こうした人と人とのつながりを増幅させるための道具として地域通貨が使われている例が増えている。埼玉県飯能市では、地域通貨「Hello,againコイン」を24店舗が導入した。一般的な電子マネーとは異なり、「チップを送る機能があり、3カ月以内に使わないと失効する」という仕掛けだ。加盟店の店主は、「アマゾンで検索して1円でも安く買おうとする時代に実際の価格より多く払ってくれる。こんな消費スタイルってあるんだ」と改めて人のつながりを実感したそうだ。
最近は、消費に意味を求める動きがあるという。法定通貨が生み出した「知らない人との取引を可能にする力」が、逆に人とのつながりが希薄化をしているのだ。地域通貨では、買い物をするほどつながりが生まれていく。

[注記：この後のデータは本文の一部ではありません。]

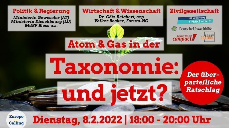 Der Verein Europe Calling veranstaltet Webinar-Reihen zu aktuellen gesellschaftsthemen in der Europäischen Union. Der frisch gegründete Verein hat für heute Abend um 18 Uhr die Konferenz zur Taxonomie ins Leben gerufen. Umweltministerinnen aus Luxemburg und Österreich, aber auch EU-Parlamentarier*innen von der CDU, SPD und auch meiner Wenigkeit werden vor Ort sein. Jetzt fehlt nur noch Ihr. Kommt dazu und diskutiert mit uns darüber, stellt Eure Fragen.
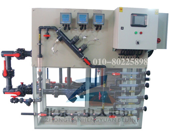示蹤劑加藥裝置由示蹤劑儀表、PH儀表、0RP儀表、電導率儀表、控制系統、無線遠傳系統等部分組成。其工作原理是由示蹤劑儀表檢測循環水系統中藥劑的濃度,進行PID運算,然后自控制系統啟動或關閉加藥泵往循環水系統添加藥劑。其功能是使藥劑穩定在一定的濃度范圍,達到保護管道不會結垢或腐蝕的趨勢。循環水系統進行排污或補水時,只要藥劑濃度滿足設定值,加藥泵依然不向系統中投加藥劑。從而節約客戶使用藥劑的成本。

場合によっては「ありがとう」という気持ちの中で、チップを渡す、高く買うという行動すら起こるのだ。タイムラインへのメッセージや写真は、買う側と売る側双方の気持ちを高める。地域通貨には人と人を繋ぐ力があるのは間違いないと思う。
国学院大学は2022年4月、横浜市に「観光まちづくり学部」を開設した。「地域おこしの観点からみた観光戦略・施策を地元の人と交わりながら練り上げる」という実践的な取り組みだ。「地域を元気にする学問がいる」という想いと、「地域を見つめ、地域を動かす」という理念を掲げて、「旅行会社やホテルなど観光産業中心の「外からのお客さん目線」ではなく、「内から見たまちづくりの観点」を重視する」という。正に、地域に入り込んで人と人のつながりを増幅させる挑戦をしているようだ。

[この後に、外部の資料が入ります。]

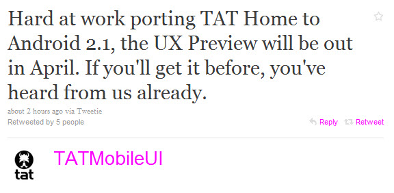 Everyone remember the beautifulness that is TAT Home? Everyone also remember the bad news we heard about it never coming to the Android Market? Well at least we got further confirmation this week that a preview of it will still be released to users some time in April. One of the issues holding the release back was probably due to the fact that the Droid was not on 2.1 yet. Well, TAT peeps, we’re on it now!

学生からは「街の見方が変わった」「普段からまちに意識が行くようになった」と、熱心に取り組む姿勢が窺える。既にソーシャルキャピタルを体系的に学ぶ場として機能しているようだ。人と人とのつながりをつくり、商売と商売を繋げる。更にはその地域ならではを言語化して、観光として売り出していく。最先端のデジタルの力も使いながら、地域おこしを自律的に進められる人材をどんどん輩出して欲しいと思う。

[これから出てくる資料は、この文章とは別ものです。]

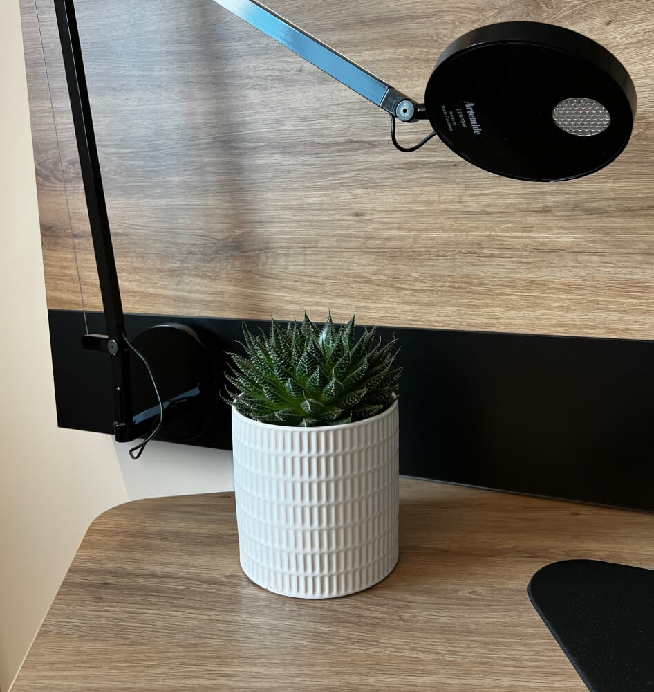 - Kształt cylindra → Prosty, ponadczasowy design, który nie dominuje w przestrzeni i współgra z wieloma stylami wystroju.

この数十年、人と人の繋がりは、資本主義の急速な進展や都市化の波でどんどん希薄化した。富は偏り、支え合うではなく、弱者と強者の分断が進んだ。通貨の流通速度も、半分以下に下がり、お金は強者の下に集まり、使われていない。今こそ、ソーシャルキャピタルを大事にすべき時だと思う。一物多価の世界、物々交換の盛んな世界、買い合う世界、祭りの賑わいのある世界など、古くから日本には強固な人と人のつながりがあった。もう一度、人と人のつながりに焦点を当てて、支え合う、買い合う文化を盛り上げていきたい。人材や道具立ても揃ってきた。さあ、これからの日本が楽しみだ。